The economics of bootlegging were not unlike those of the contemporary drug trade. Smugglers would pick up stock in an offshore “depot” like Nassau and proceed to the mainland where they would wait just outside the US 12-mile territorial limit. As long as they remained outside of US territorial waters they were technically exempt from US jurisdiction. In reality, aggressive Coast Guard patrols often stopped and boarded smugglers and seized their goods as contraband.

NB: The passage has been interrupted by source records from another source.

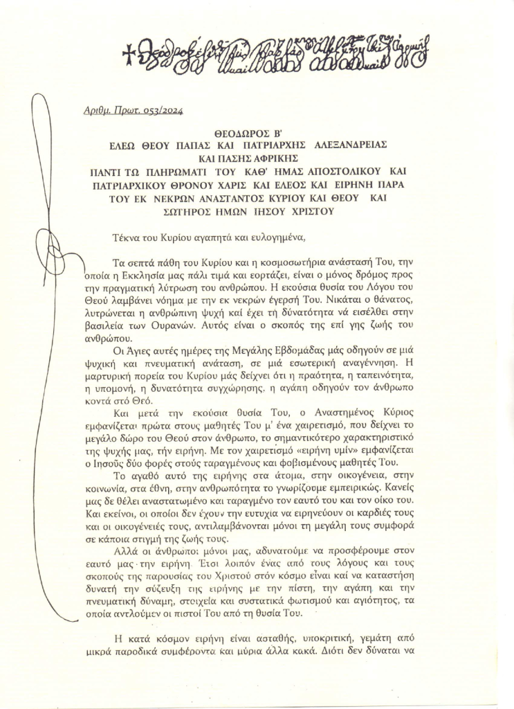 Παρακάτω ολόκληρη η Εγκύκλιος του Πατριάρχη Αλεξανδρείας: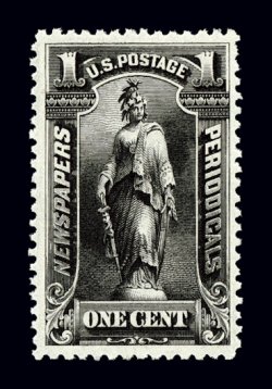 982 nh PR102 image#PR102, 1c Black, especially deep color and impression, well centered and margined, o.g., n.h., very fine. (Image) $375.00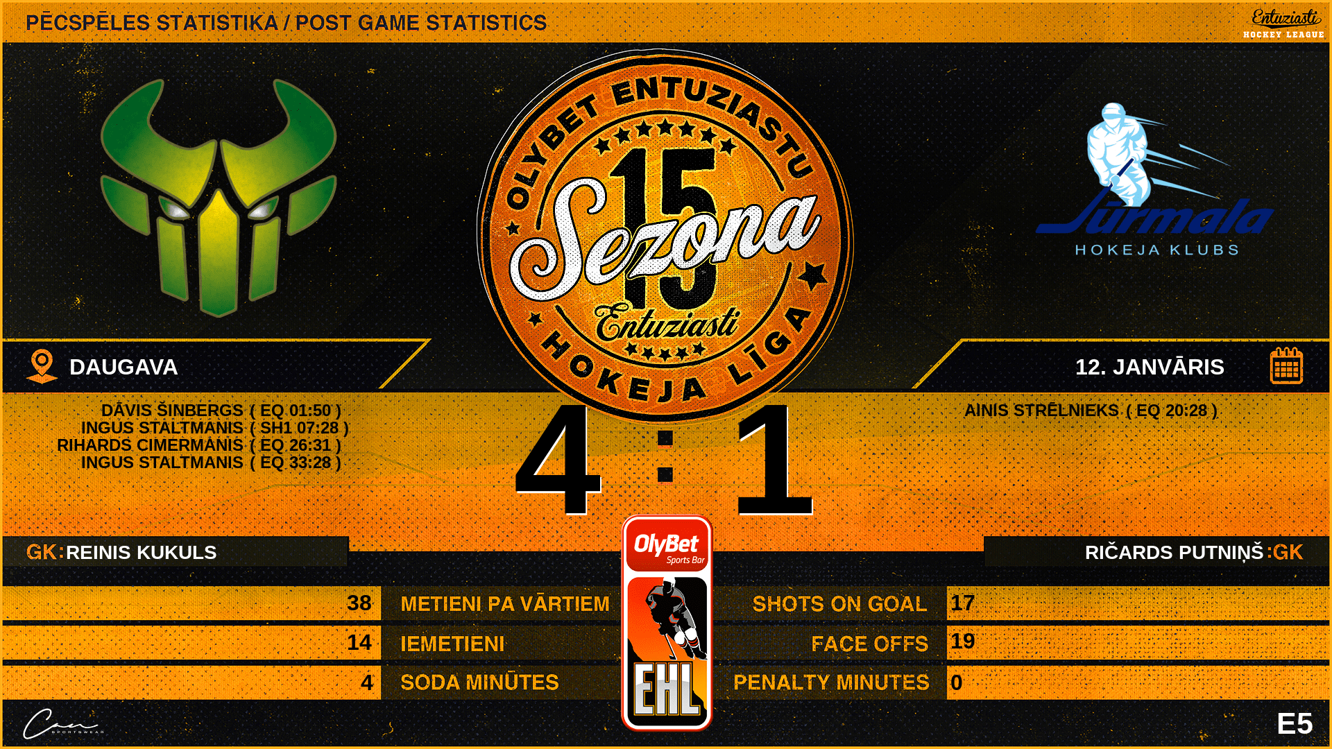 | 00:00 | JUR | GK In | #31 Ričards Putniņš |

Fast motorboats from the mainland would go out to the “mother ship” to pick up cargo and deliver it to shore. Landed on the coast, prices would double again. Delivered to a warehouse in a major city and from there to a local “speakeasy” would see another doubling at each stage. By the time a bottle of Scotch had traveled from Nassau to a “speakeasy” in New York, the price could have increased by a factor of 16 times. If the liquor was diluted the profits were even larger.

Most Scotch whisky exports were in the form of bottled stock. That made it more difficult to tamper with the contents and to adulterate them. The result was that of all of the illicit liquor being smuggled into the United States, Scotch whisky consistently had the higher quality. Exports from Canada and the Caribbean were usually in barrel form and were bottled after arriving in the United States. This made it easier to dilute the contents and the quality of the resulting product suffered accordingly. The Scotch whisky industry was also in an ideal position to increase production to meet the American demand. The superiority of Scotch among the other smuggled hard liquors would serve the industry well when Prohibition was repealed, and led to an immediate increase in the relative market share enjoyed by Scotch whisky in the American market. To this day Scotch whisky has maintained a dominant market position in the United States.